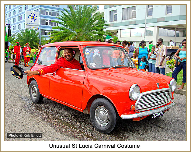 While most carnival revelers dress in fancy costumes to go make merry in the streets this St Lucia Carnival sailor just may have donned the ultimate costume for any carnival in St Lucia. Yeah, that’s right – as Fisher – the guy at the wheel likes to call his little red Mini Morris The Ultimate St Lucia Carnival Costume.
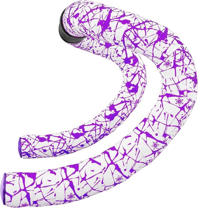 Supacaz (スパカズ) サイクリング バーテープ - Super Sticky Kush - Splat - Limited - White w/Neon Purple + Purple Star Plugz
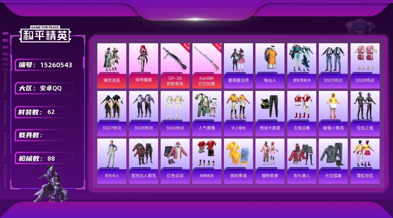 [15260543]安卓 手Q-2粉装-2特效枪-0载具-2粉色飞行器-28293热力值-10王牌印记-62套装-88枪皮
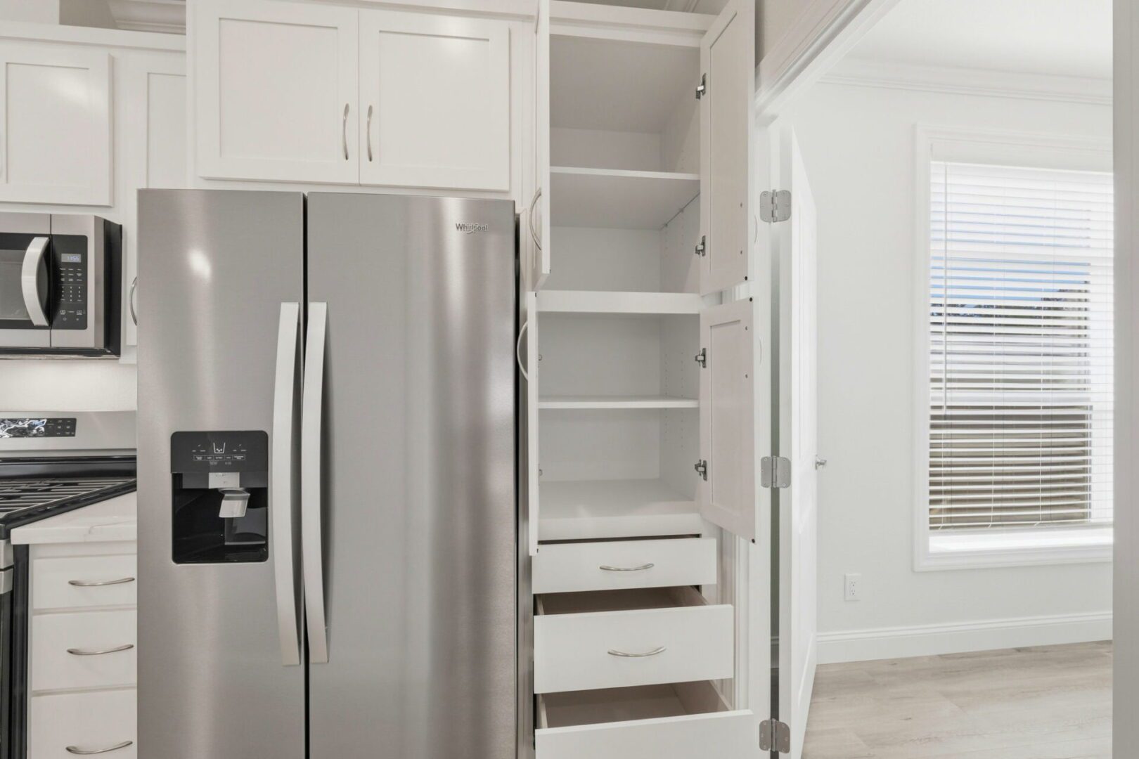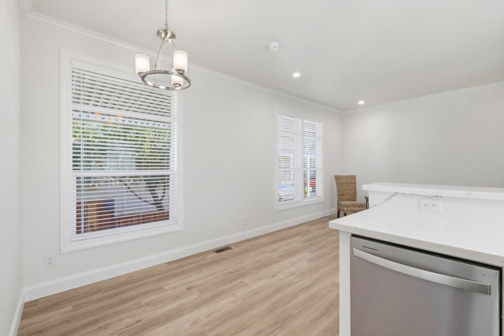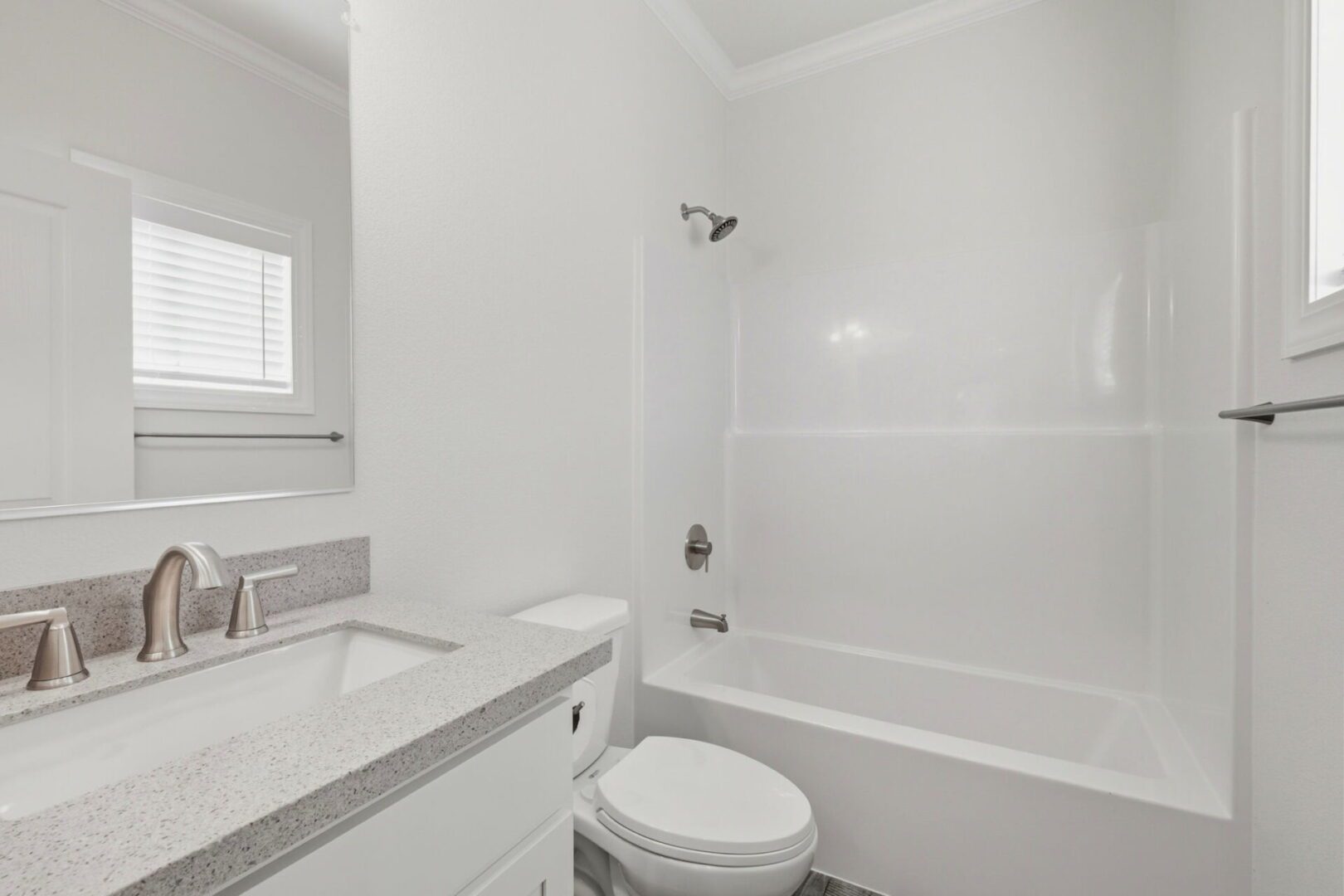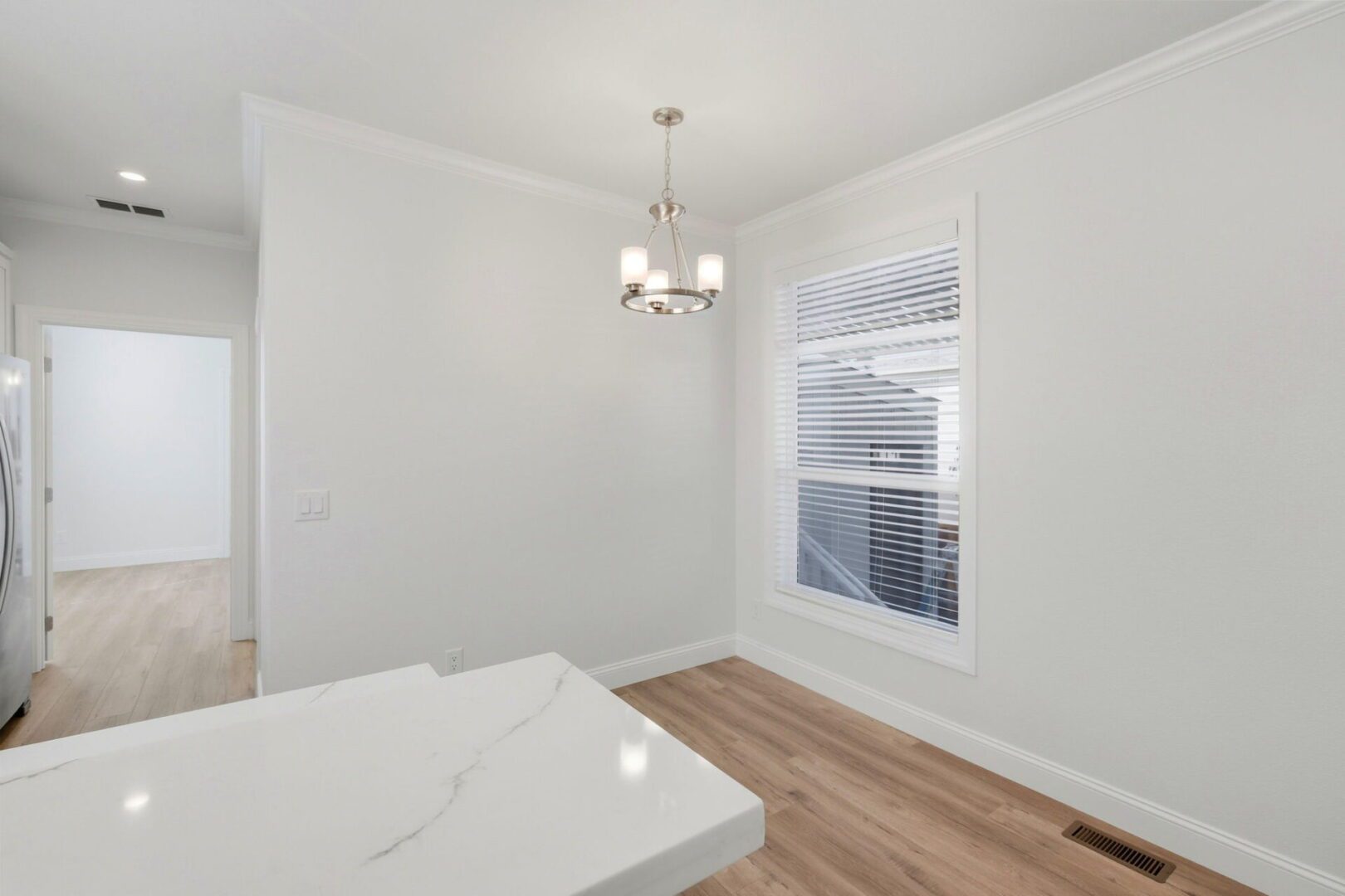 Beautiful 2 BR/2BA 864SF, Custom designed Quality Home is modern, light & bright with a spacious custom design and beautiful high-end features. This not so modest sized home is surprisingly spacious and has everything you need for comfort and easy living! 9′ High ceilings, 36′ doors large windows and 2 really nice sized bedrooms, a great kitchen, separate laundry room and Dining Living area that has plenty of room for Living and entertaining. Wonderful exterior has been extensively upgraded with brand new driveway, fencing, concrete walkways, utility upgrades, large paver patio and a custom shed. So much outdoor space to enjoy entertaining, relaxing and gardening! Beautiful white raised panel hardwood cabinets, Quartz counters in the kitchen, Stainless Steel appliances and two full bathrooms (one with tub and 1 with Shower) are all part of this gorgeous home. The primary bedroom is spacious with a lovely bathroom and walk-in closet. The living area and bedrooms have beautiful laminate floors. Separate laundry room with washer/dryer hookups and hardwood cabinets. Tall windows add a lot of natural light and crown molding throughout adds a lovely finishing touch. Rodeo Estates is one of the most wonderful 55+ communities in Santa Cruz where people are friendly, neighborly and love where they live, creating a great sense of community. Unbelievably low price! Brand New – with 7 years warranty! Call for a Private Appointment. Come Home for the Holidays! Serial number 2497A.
____________________
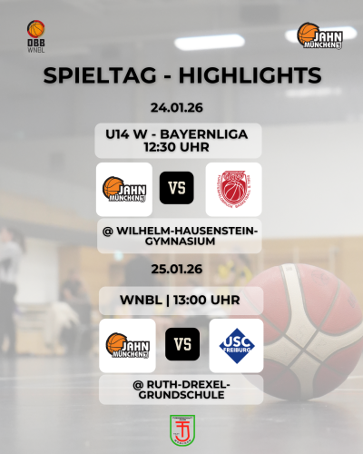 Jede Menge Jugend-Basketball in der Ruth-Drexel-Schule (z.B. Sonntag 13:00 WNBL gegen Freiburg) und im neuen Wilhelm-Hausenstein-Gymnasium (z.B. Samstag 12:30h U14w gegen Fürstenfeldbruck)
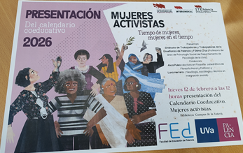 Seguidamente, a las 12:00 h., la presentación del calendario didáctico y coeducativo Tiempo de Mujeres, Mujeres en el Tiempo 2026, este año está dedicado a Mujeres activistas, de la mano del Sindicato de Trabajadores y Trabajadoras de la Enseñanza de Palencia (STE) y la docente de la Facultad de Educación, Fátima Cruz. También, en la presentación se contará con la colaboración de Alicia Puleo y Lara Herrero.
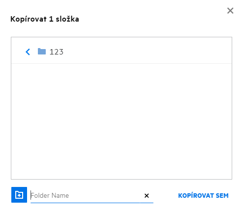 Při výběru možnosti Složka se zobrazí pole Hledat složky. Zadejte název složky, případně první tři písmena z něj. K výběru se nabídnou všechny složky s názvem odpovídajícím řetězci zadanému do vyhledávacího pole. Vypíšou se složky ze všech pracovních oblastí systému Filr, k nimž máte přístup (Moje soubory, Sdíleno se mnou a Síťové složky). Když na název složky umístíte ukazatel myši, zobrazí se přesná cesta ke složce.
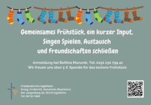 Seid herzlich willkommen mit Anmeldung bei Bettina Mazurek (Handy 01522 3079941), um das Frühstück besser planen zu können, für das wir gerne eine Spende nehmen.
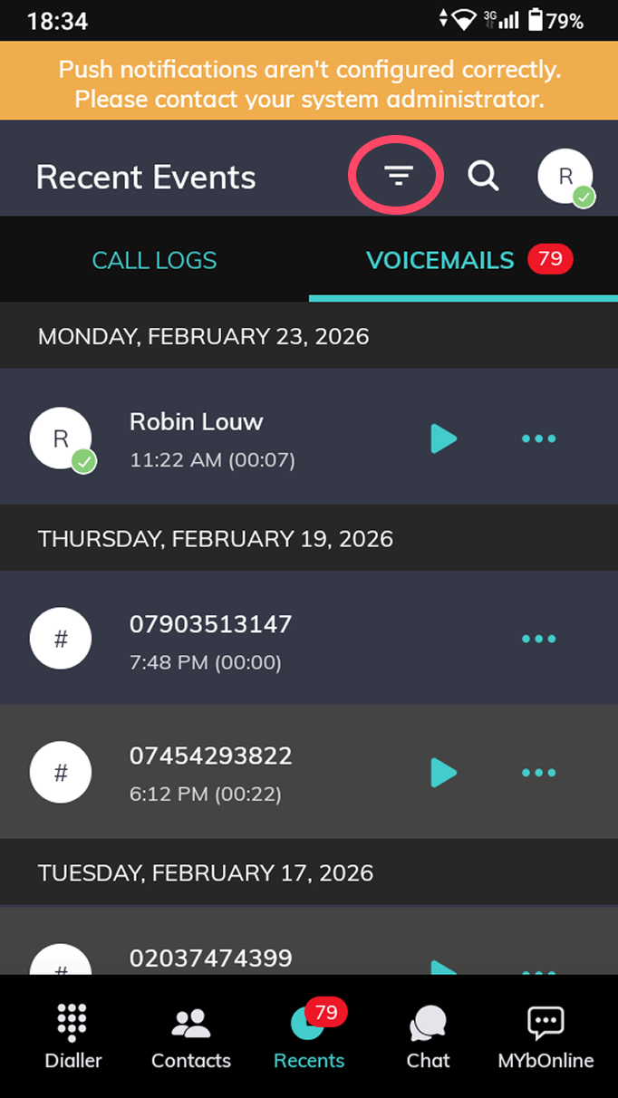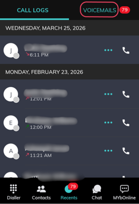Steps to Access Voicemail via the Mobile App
____________________
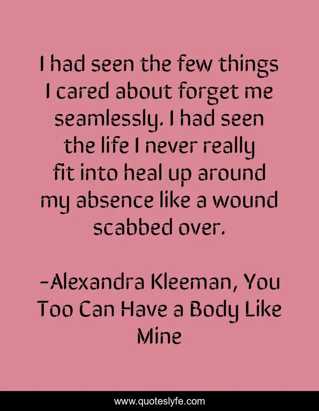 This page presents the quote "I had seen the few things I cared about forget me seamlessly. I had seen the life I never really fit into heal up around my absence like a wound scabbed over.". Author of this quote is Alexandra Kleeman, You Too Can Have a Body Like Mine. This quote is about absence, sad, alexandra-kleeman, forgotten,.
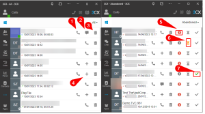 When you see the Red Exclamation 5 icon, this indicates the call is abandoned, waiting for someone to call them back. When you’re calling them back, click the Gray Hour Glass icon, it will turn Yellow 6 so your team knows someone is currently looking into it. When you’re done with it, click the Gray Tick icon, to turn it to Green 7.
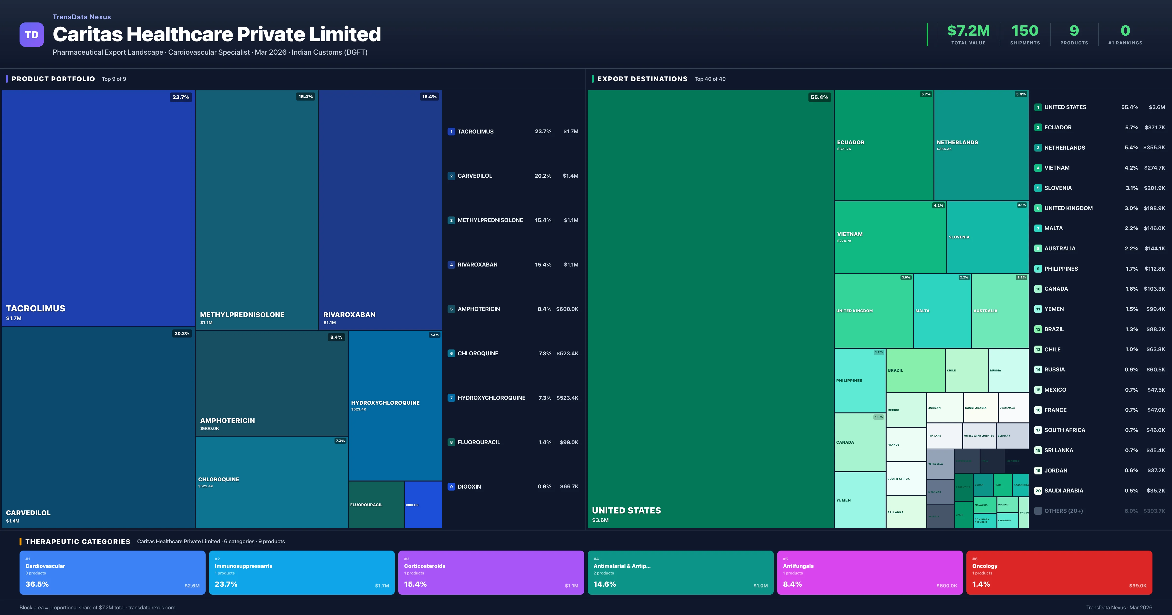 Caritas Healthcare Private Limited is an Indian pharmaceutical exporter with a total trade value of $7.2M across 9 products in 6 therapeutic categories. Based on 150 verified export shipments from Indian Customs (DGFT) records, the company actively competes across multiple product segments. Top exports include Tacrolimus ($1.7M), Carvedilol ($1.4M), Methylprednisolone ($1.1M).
____________________
» **WHAT YOU NEED TO DO**: Copy word for word the lines of the records above from the one with "This page presents" up to and including the one with "When you see". Skip the pictures.

» **RESULT FOR THIS EXERCISE**:
 This page presents the quote "I had seen the few things I cared about forget me seamlessly. I had seen the life I never really fit into heal up around my absence like a wound scabbed over.". Author of this quote is Alexandra Kleeman, You Too Can Have a Body Like Mine. This quote is about absence, sad, alexandra-kleeman, forgotten,.
 When you see the Red Exclamation 5 icon, this indicates the call is abandoned, waiting for someone to call them back. When you’re calling them back, click the Gray Hour Glass icon, it will turn Yellow 6 so your team knows someone is currently looking into it. When you’re done with it, click the Gray Tick icon, to turn it to Green 7.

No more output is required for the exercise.